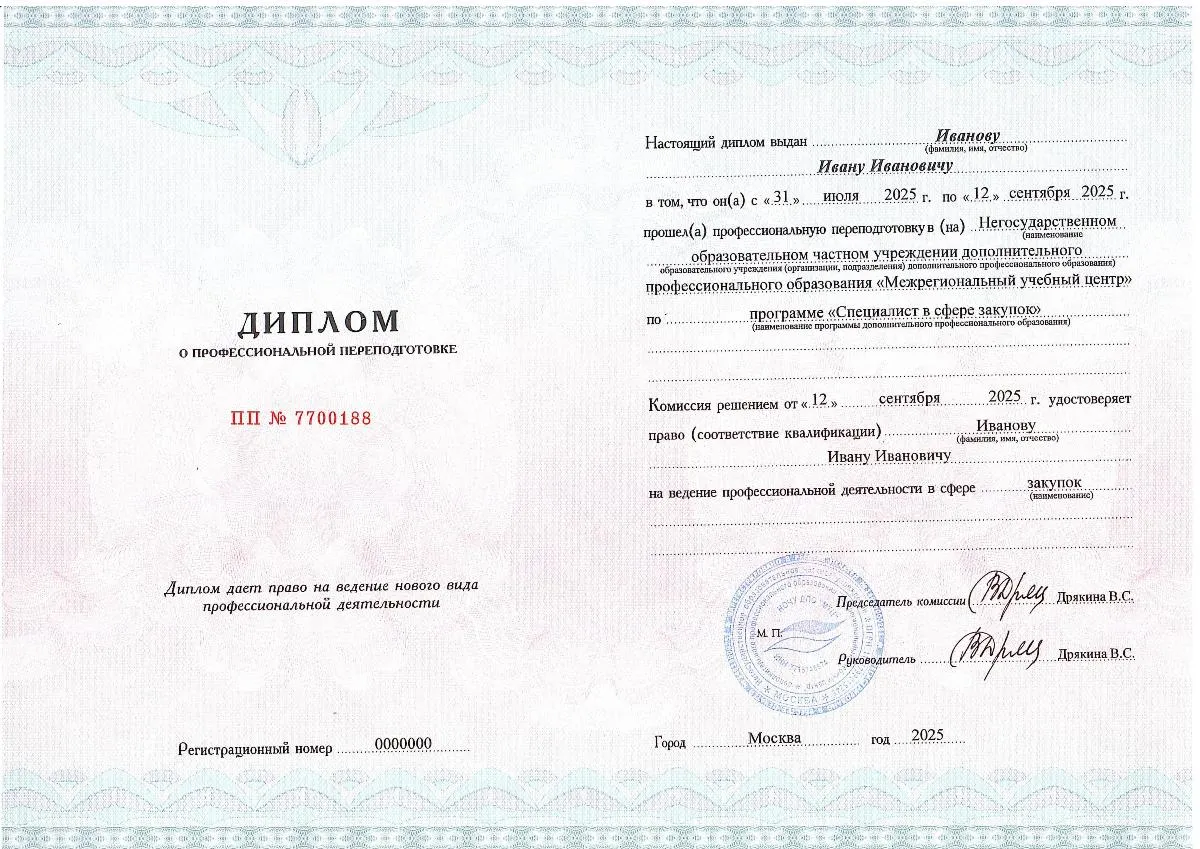 Программа учитывает реальные запросы рынка, соответствует профстандарту и завершается выдачей диплома о профессиональной переподготовке в сфере закупок, который дает право на ведение деятельности в данной области.
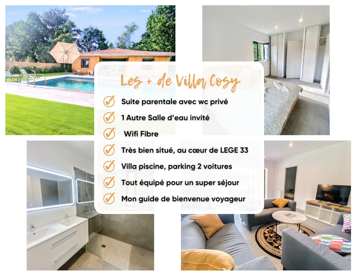 非常漂亮的新建別墅,採用「真正」木材建造,面積 150 平方公尺。提供: - 3 間臥室,其中 2 間有閣樓(地板床墊) - 2 間浴室、2 間廁所。 - 周圍有 3 個陰涼的露台 - 3公尺X2公尺的小型泳池,變涼 - 客廳圖書室、遊戲 -戶外露臺和樓上有遮蔭的露臺,配有戶外休息室 - 花園內有停車位 - 家電設備一應俱全。 它位於萊日堡 (Lège bourg) 的中心,距離海灘和北部盆地 (Nord bassin) 只有幾公里。
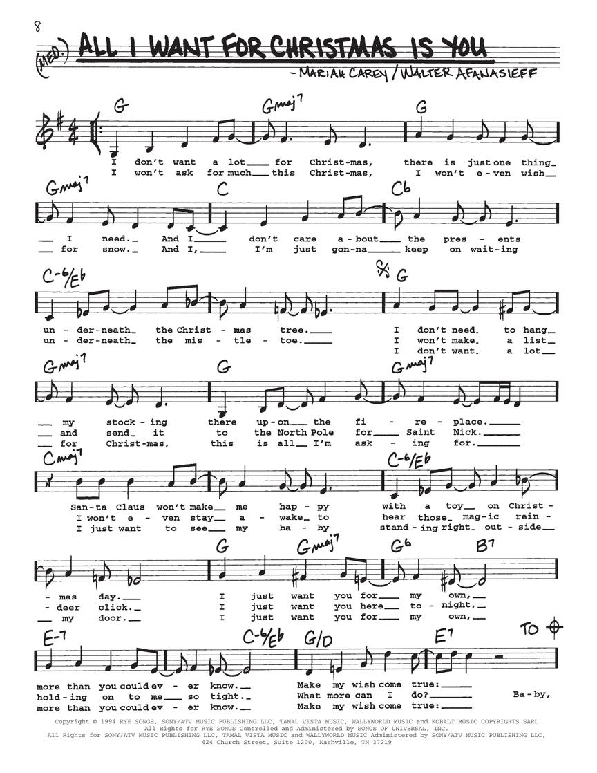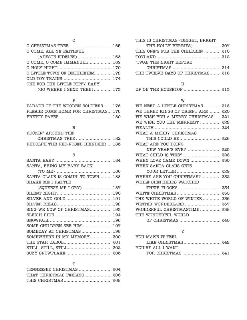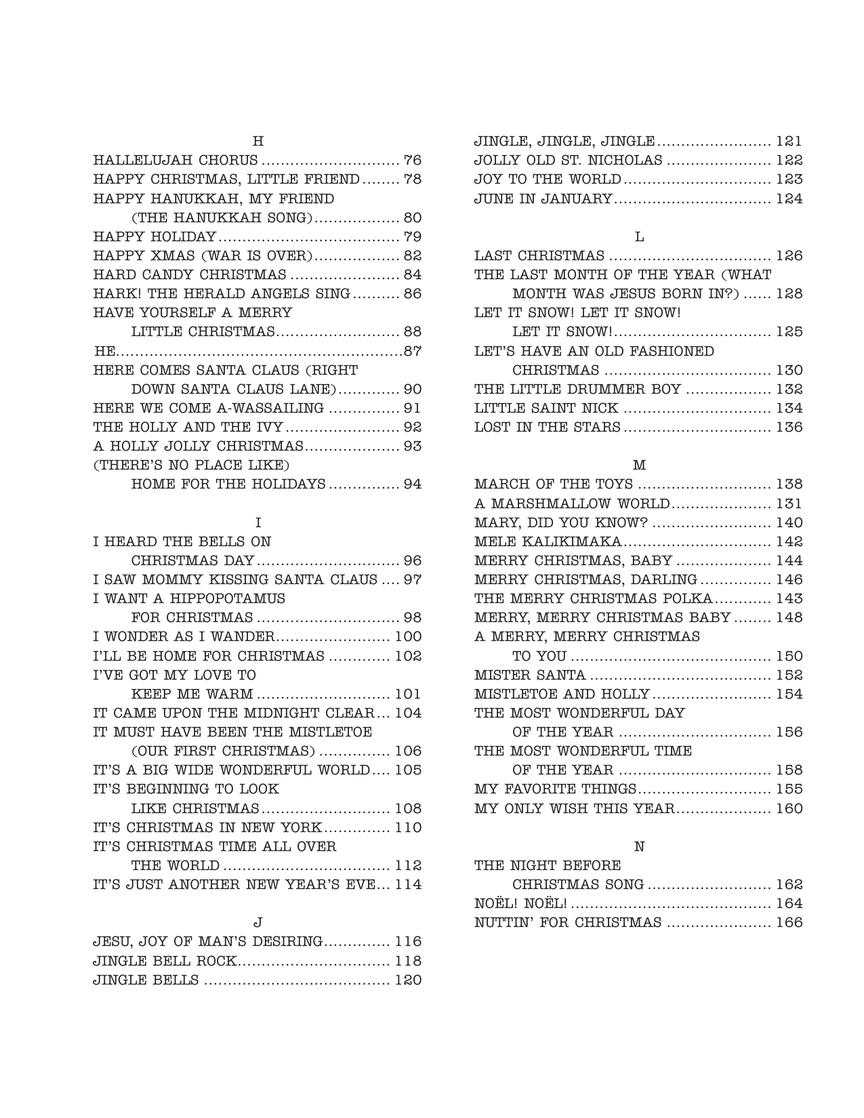 Songs include: All I Want for Christmas Is You • All I Want for Christmas Is My Two Front Teeth • Auld Lang Syne • Baby, It's Cold Outside • Blue Christmas • Christmas in Killarney • The Christmas Song (Chestnuts Roasting on an Open Fire) • Christmas Time Is Here • Dance of the Sugar Plum Fairy, Op. 71a • Have Yourself a Merry Little Christmas • I Heard the Bells on Christmas Day • I'll Be Home for Christmas • Last Christmas • Let It Snow! Let It Snow! Let It Snow! • Let's Have an Old Fashioned Christmas • Mary, Did You Know? • Merry Christmas, Darling • My Favorite Things • One for the Little Bitty Baby (Go Where I Send Thee) • Please Come Home for Christmas • Santa Baby • Sleigh Ride • Where Are You Christmas? • White Christmas • You're All I Want for Christmas • and more!

-*-

* [Your objective] Without the pictures, repeat the listing above exactly.

* [Expected output]
 Программа учитывает реальные запросы рынка, соответствует профстандарту и завершается выдачей диплома о профессиональной переподготовке в сфере закупок, который дает право на ведение деятельности в данной области.
 非常漂亮的新建別墅,採用「真正」木材建造,面積 150 平方公尺。提供: - 3 間臥室,其中 2 間有閣樓(地板床墊) - 2 間浴室、2 間廁所。 - 周圍有 3 個陰涼的露台 - 3公尺X2公尺的小型泳池,變涼 - 客廳圖書室、遊戲 -戶外露臺和樓上有遮蔭的露臺,配有戶外休息室 - 花園內有停車位 - 家電設備一應俱全。 它位於萊日堡 (Lège bourg) 的中心,距離海灘和北部盆地 (Nord bassin) 只有幾公里。
 Songs include: All I Want for Christmas Is You • All I Want for Christmas Is My Two Front Teeth • Auld Lang Syne • Baby, It's Cold Outside • Blue Christmas • Christmas in Killarney • The Christmas Song (Chestnuts Roasting on an Open Fire) • Christmas Time Is Here • Dance of the Sugar Plum Fairy, Op. 71a • Have Yourself a Merry Little Christmas • I Heard the Bells on Christmas Day • I'll Be Home for Christmas • Last Christmas • Let It Snow! Let It Snow! Let It Snow! • Let's Have an Old Fashioned Christmas • Mary, Did You Know? • Merry Christmas, Darling • My Favorite Things • One for the Little Bitty Baby (Go Where I Send Thee) • Please Come Home for Christmas • Santa Baby • Sleigh Ride • Where Are You Christmas? • White Christmas • You're All I Want for Christmas • and more!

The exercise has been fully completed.